What this task involves -
Write out the whole listing exactly; no images belong in it.

Dataset content -
____

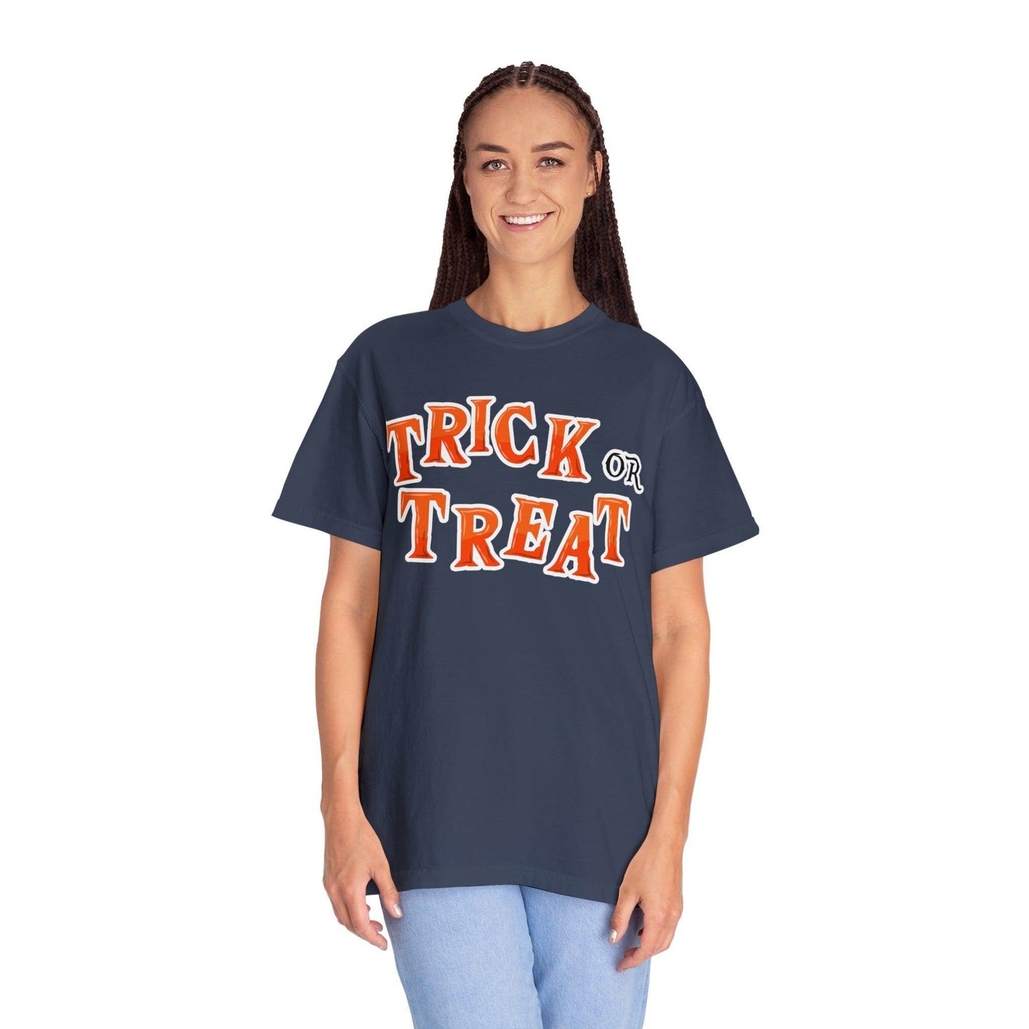 Unveiling our "Trick or Treat Shirt" - the perfect attire to embrace the enchantment of Halloween. Whether you're accompanying little goblins on their candy quest or seeking thrills of your own, this shirt is your passport to the spooky season.
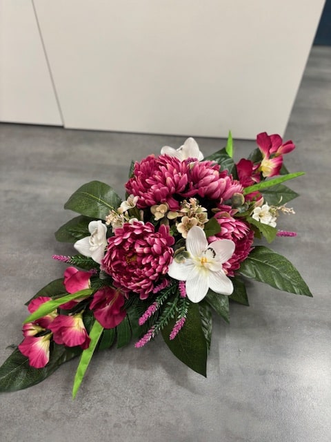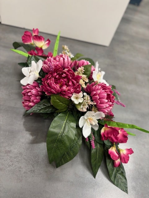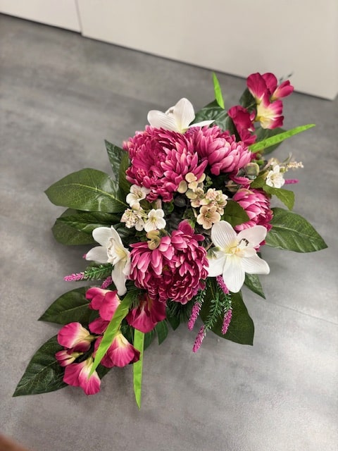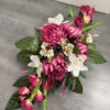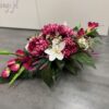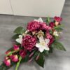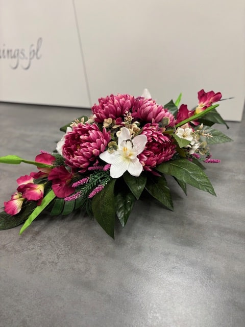 Stroik wykonany został z najwyższej jakości sztucznych kwiatów, co gwarantuje trwałość i estetykę przez wiele miesięcy.
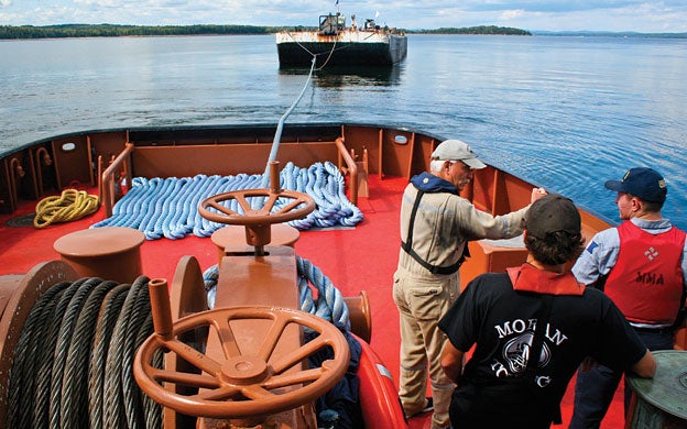 On a sunny September morning in Castine Harbor, the tug Pentagoet carefully maneuvers away from the 230-foot barge Oyster Bay.
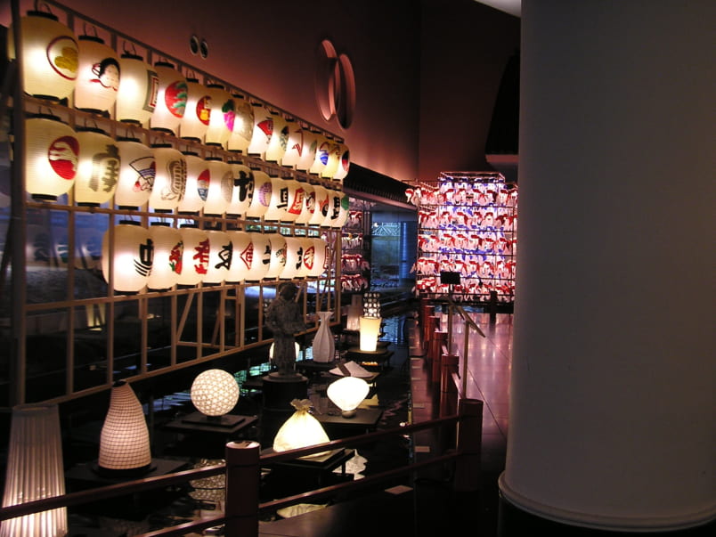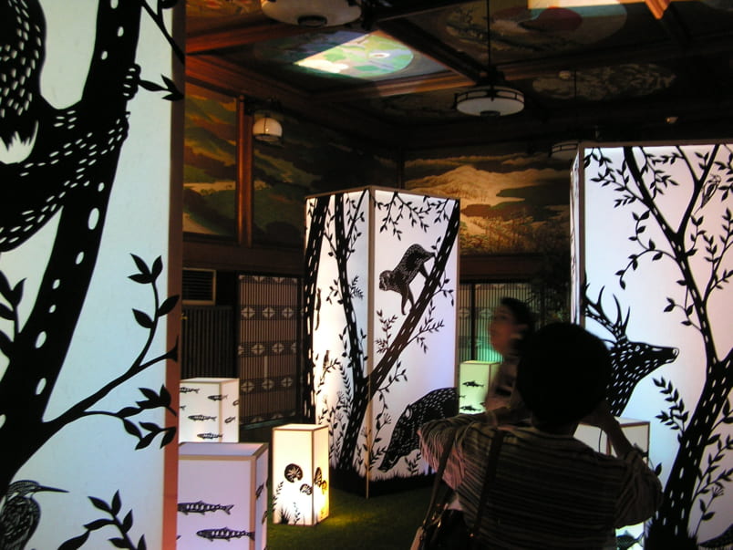 In Gyoshō no Ma (漁樵の間) the large-sized dramatic light sculptures, featured on the Wa no Akari posters, fit surprisingly well with the traditional paintings of fishing scenes and the traditional carvings on the wooden pillars.

____

Task answer -
 Unveiling our "Trick or Treat Shirt" - the perfect attire to embrace the enchantment of Halloween. Whether you're accompanying little goblins on their candy quest or seeking thrills of your own, this shirt is your passport to the spooky season.
 Stroik wykonany został z najwyższej jakości sztucznych kwiatów, co gwarantuje trwałość i estetykę przez wiele miesięcy.
 On a sunny September morning in Castine Harbor, the tug Pentagoet carefully maneuvers away from the 230-foot barge Oyster Bay.
 In Gyoshō no Ma (漁樵の間) the large-sized dramatic light sculptures, featured on the Wa no Akari posters, fit surprisingly well with the traditional paintings of fishing scenes and the traditional carvings on the wooden pillars.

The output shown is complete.